▽
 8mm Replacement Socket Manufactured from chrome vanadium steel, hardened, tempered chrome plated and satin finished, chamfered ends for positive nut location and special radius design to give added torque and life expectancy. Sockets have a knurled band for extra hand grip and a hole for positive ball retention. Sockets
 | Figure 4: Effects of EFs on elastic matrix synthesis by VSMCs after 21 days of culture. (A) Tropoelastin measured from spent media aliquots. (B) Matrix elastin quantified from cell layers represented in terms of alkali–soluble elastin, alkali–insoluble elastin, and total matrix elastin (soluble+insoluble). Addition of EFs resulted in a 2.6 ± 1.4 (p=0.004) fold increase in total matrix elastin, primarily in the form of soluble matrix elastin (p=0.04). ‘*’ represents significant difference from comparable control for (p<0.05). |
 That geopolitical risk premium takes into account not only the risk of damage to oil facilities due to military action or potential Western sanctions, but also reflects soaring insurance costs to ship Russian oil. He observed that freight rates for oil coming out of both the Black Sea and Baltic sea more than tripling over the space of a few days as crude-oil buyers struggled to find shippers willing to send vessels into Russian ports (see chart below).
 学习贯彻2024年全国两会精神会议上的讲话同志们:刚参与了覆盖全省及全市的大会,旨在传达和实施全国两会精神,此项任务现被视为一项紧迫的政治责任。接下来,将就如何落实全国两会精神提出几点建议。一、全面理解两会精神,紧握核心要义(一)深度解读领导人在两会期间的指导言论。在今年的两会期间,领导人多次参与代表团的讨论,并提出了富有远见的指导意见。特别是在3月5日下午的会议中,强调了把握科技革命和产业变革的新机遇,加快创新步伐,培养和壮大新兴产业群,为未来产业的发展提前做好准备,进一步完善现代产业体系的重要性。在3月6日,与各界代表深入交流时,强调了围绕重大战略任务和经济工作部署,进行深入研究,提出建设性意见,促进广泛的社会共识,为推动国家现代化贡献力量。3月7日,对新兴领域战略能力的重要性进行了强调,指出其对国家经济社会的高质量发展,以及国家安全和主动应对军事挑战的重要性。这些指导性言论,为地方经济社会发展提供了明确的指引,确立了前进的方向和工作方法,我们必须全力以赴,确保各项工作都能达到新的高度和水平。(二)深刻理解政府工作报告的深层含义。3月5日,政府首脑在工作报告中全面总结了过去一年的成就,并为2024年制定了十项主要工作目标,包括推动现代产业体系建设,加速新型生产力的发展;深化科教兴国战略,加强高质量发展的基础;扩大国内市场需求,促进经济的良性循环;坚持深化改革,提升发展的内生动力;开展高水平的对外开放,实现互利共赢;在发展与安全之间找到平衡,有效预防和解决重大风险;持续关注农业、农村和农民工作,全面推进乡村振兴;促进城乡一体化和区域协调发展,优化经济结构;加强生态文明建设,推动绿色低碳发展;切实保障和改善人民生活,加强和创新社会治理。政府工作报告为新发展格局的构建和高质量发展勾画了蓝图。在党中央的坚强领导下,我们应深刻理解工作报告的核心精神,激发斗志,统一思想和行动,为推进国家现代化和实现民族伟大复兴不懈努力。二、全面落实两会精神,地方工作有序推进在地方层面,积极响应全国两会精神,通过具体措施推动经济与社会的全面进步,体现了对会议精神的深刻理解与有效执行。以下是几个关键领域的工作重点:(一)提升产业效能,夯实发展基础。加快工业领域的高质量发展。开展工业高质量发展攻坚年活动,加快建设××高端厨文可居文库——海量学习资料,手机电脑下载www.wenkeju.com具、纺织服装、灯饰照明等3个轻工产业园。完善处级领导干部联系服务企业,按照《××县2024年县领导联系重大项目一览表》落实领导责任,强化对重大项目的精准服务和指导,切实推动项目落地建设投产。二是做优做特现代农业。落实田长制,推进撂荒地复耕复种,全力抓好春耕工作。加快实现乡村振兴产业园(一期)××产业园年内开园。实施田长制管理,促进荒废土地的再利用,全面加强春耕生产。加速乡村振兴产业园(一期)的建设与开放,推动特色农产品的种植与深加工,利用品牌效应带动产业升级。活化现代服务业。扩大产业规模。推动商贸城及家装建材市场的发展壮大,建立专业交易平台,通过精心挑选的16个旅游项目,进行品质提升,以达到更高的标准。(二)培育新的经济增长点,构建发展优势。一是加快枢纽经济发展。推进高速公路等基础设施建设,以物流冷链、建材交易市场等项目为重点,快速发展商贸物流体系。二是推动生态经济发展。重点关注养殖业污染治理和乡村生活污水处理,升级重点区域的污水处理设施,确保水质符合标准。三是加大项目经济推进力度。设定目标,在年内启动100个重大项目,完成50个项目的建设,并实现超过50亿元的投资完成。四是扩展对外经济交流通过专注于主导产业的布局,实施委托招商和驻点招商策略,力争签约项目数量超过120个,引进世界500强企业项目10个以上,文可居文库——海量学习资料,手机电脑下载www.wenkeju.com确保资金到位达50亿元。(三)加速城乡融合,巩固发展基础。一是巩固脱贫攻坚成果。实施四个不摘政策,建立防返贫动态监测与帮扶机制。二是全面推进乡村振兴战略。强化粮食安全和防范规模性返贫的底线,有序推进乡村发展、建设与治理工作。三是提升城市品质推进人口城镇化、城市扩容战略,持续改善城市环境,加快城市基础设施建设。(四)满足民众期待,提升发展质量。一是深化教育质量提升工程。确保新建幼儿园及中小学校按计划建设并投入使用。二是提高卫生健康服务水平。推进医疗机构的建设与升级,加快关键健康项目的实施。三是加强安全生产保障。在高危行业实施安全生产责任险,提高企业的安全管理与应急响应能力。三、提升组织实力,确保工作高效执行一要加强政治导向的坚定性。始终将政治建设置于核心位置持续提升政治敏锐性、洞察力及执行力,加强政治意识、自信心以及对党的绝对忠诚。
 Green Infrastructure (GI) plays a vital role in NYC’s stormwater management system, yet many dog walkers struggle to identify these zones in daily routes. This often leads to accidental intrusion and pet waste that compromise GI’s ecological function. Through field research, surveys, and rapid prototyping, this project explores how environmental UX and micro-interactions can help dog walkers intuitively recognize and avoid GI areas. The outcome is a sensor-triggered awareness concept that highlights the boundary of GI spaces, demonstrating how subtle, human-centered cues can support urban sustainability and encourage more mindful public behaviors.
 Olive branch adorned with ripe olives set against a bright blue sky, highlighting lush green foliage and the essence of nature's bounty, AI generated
△
▽
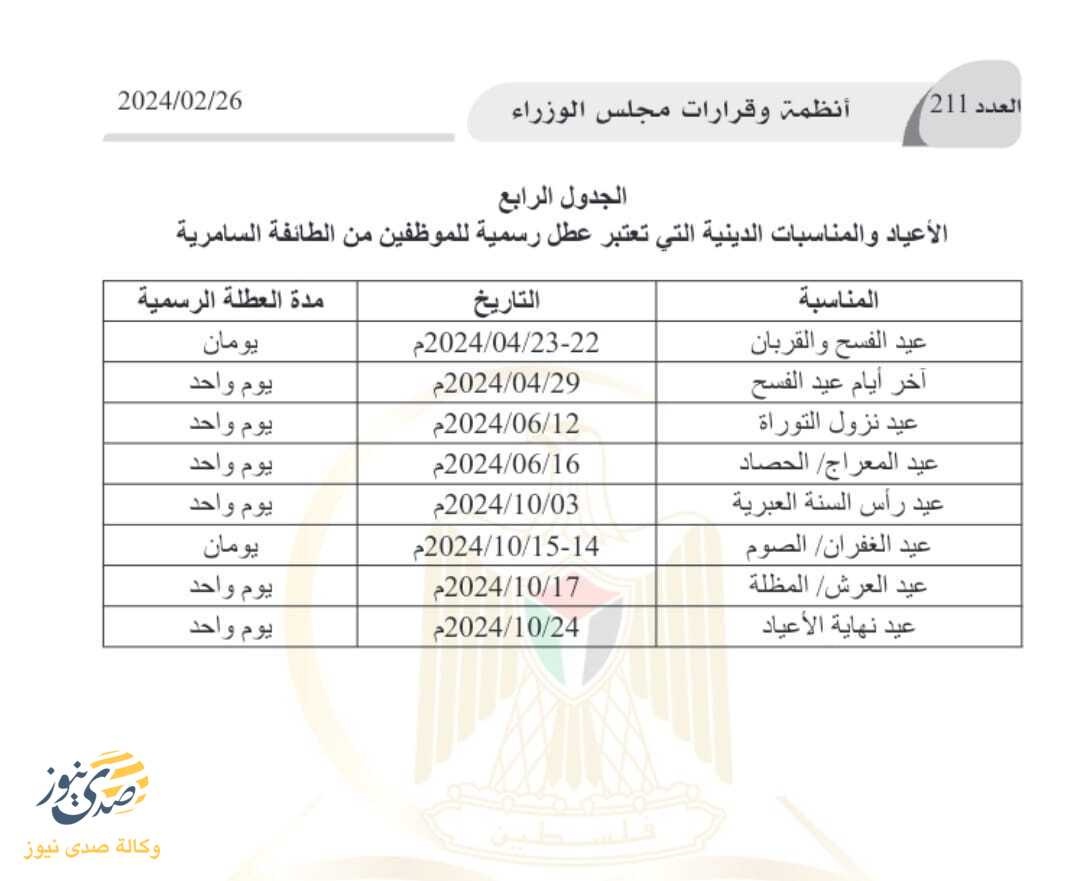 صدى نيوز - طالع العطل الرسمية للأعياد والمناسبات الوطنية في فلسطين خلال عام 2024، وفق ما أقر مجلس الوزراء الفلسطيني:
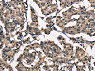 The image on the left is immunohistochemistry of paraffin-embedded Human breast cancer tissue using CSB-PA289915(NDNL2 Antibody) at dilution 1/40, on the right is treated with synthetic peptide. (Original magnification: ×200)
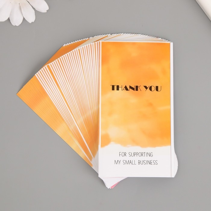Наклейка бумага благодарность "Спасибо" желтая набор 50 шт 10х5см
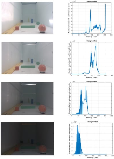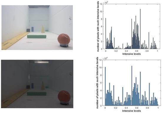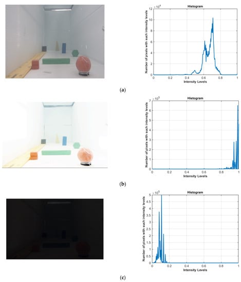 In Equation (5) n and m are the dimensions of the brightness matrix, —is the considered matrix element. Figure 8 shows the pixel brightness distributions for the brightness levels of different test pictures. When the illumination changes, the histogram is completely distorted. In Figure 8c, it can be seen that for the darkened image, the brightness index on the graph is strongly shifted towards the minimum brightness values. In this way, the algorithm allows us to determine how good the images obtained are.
△
▽
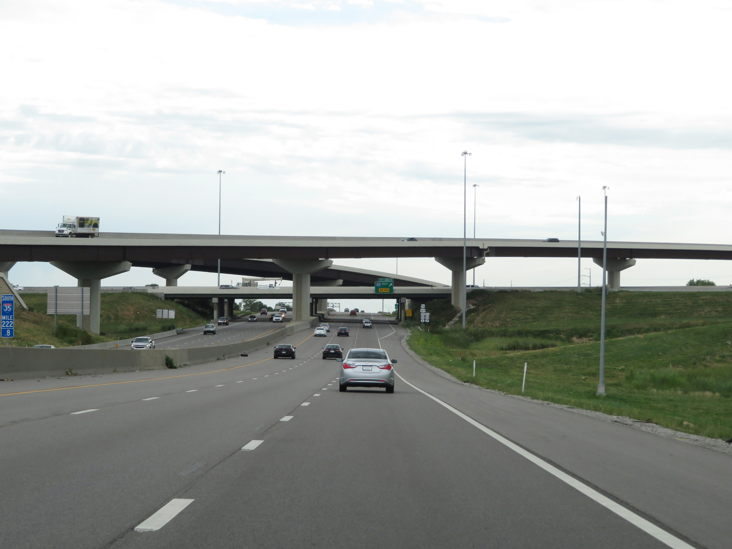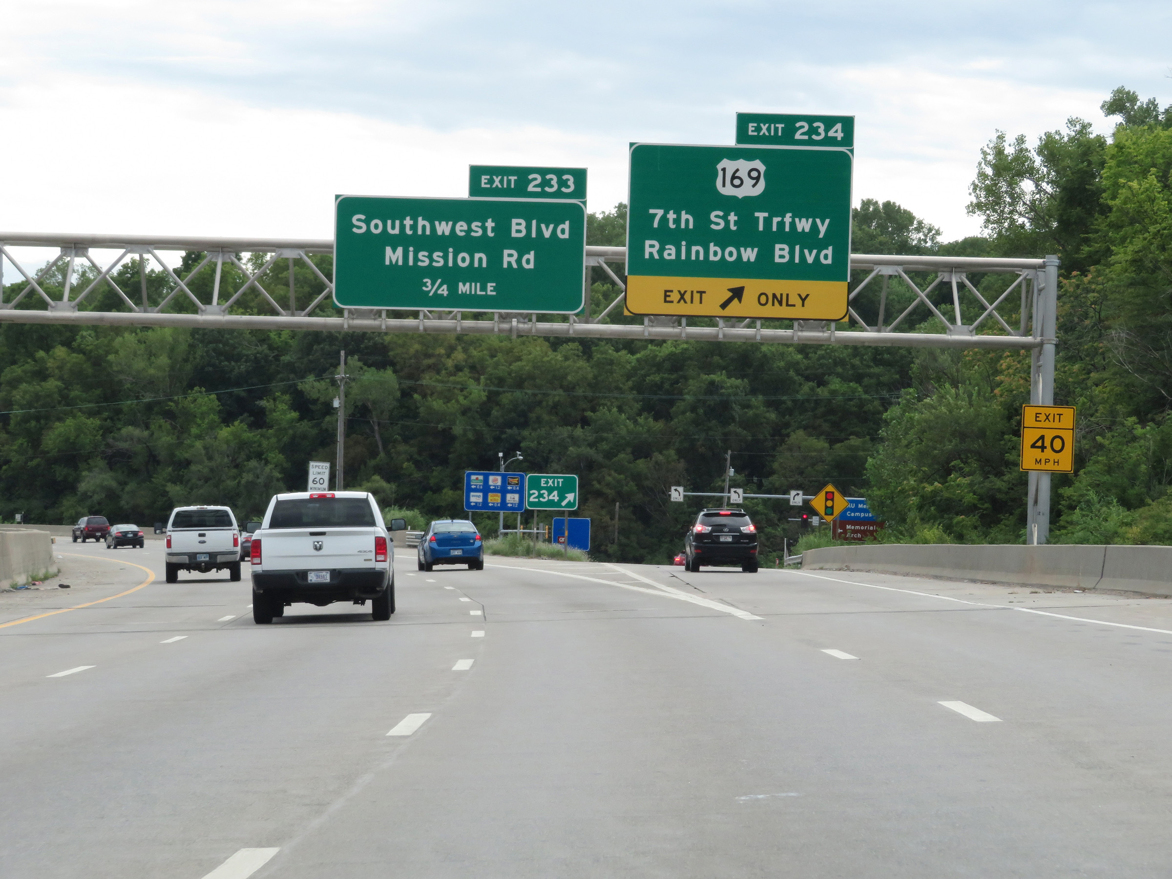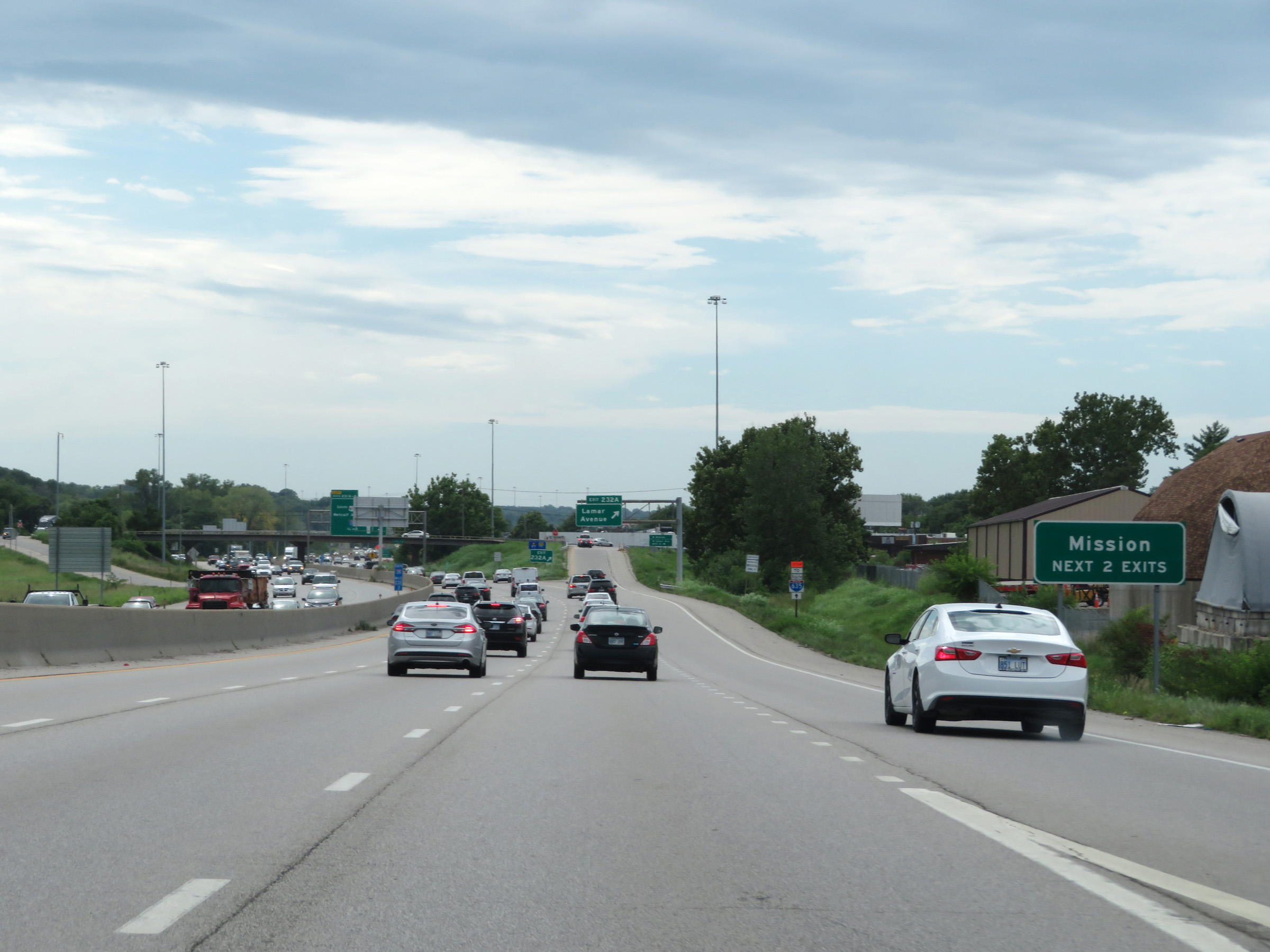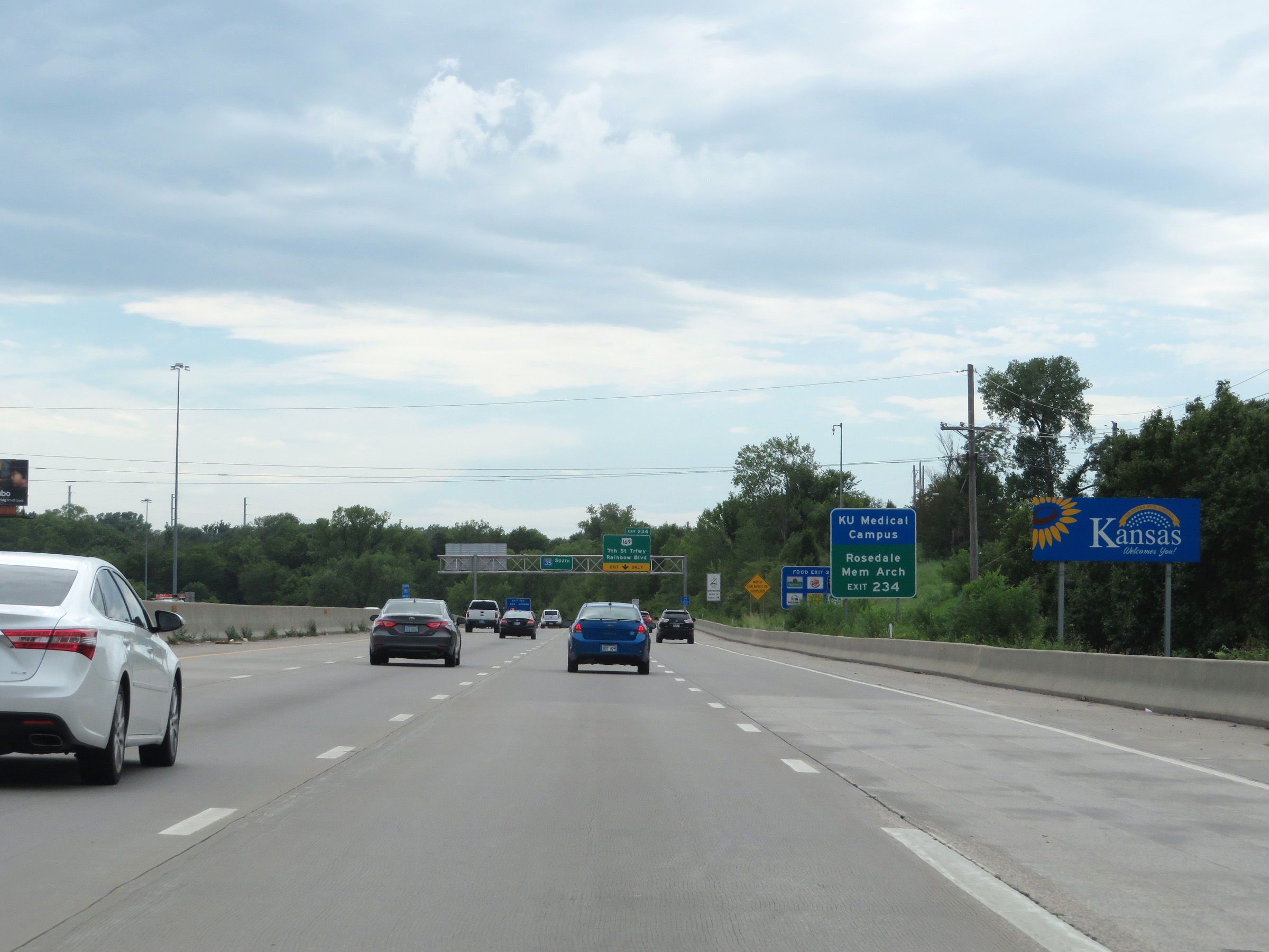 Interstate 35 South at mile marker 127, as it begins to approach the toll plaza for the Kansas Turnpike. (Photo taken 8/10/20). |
△
_What is being asked_. Each line of the material that contains the string "more" has to be copied out.

_Written solution_.
 That geopolitical risk premium takes into account not only the risk of damage to oil facilities due to military action or potential Western sanctions, but also reflects soaring insurance costs to ship Russian oil. He observed that freight rates for oil coming out of both the Black Sea and Baltic sea more than tripling over the space of a few days as crude-oil buyers struggled to find shippers willing to send vessels into Russian ports (see chart below).
 Green Infrastructure (GI) plays a vital role in NYC’s stormwater management system, yet many dog walkers struggle to identify these zones in daily routes. This often leads to accidental intrusion and pet waste that compromise GI’s ecological function. Through field research, surveys, and rapid prototyping, this project explores how environmental UX and micro-interactions can help dog walkers intuitively recognize and avoid GI areas. The outcome is a sensor-triggered awareness concept that highlights the boundary of GI spaces, demonstrating how subtle, human-centered cues can support urban sustainability and encourage more mindful public behaviors.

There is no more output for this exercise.